Erros Djarot mengatakan bahwa di era itu banyak kyai yang terkooptasi penguasa. Dan kurang lebih seperti itulah yang ingin disampaikan. Walau begitu, dia bilang, faktor agama digambarkan dengan banyak lewat puisi-puisi yang dibacakan Kyai Willy--meminjam istilah yang digunakan Erros--di film. "Doa itu tak harus melulu literer!" kata Willy. "Kita tak perlu setiap saat mengangkat tangan dan membaca doa-doa."

Kembali ke delapan belas tahun lalu ketika pementasan Kantata Takwa digelar, Willy tak mengira gerakan budaya yang mereka susun malah berkembang menjadi besar. Djody malah mendatangkan paduan suara. Lantas malah merekam lagu-lagu yang mereka buat. "Kalau pementasannya dilarang, minimal lagunya sudah direkam," kata Djody. Djody juga membeli sinar laser untuk pertunjukkan itu. Dan bisa mendapat ijin untuk menggelarnya di stadion. "Bu Tien suka sama Djody soalnya, makanya kami dapet ijin. Djody itu wajahnya mirip Pak Harto waktu muda," kata Erros sambil terbahak.

Film Kantata Takwa ini, mengendap selama belasan tahun di rumah sutradara Gotot Prakosa. Baunya sudah sering dikeluhkan istri Gotot. "Makanya, saya telpon Erros, saya bilang, kalau film ini tak segera dibuat, saya bisa diusir dari rumah," kata Gotot sambil tertawa.

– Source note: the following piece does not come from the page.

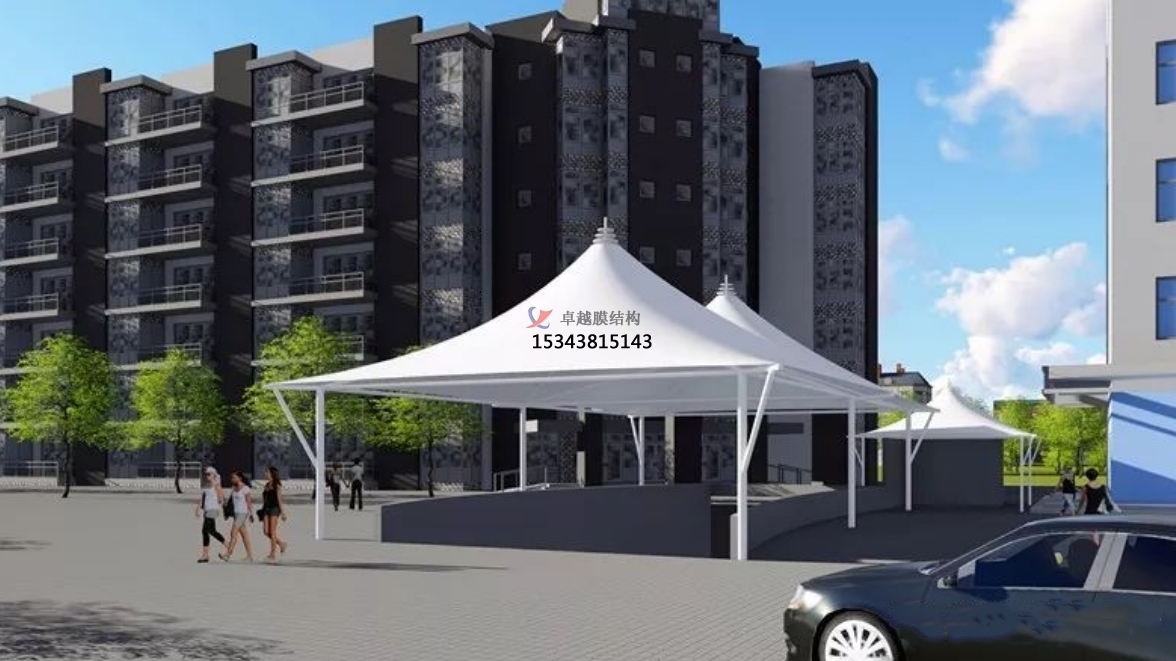 4、坡道雨棚材料選擇廣:關于雨棚篷布材料,有多種膜結構材料可以選擇,常見的有PVDF、PTFE、ETFE等,每種材料結構都有不同的性能特點;

Delapan belas tahun menunggu rasanya tak apa. Seperti halnya film Rock N' Roll Circus dari The Rolling Stones yang baru dirilis pada tahun 1995 padahal dibuat pada tahun 1968, penantian akan film Kantata Takwa tak sia-sia. Melihat sosok para personel Kantata delapan belas tahun lalu, jelas menjadi nostalgia yang menyenangkan. Iwan Fals masih dalam kondisi liarnya. Bertelanjang dada, rambut panjang, berkumis dan berjenggot. Djody belum terlalu memaksakan egonya di Kantata. Dia masih sadar akan posisinya yang sama dengan yang lain, meskipun dia yang membiayai gerakan itu. Berbeda dengan ketika Kantata masuk di album Kantata Samsara, di mana Djody mulai ingin terlihat lebih menonjol dengan cara memasang fotonya dalam ukuran paling besar dan menulis kata pengantar sok bijak dan sok budayawan.          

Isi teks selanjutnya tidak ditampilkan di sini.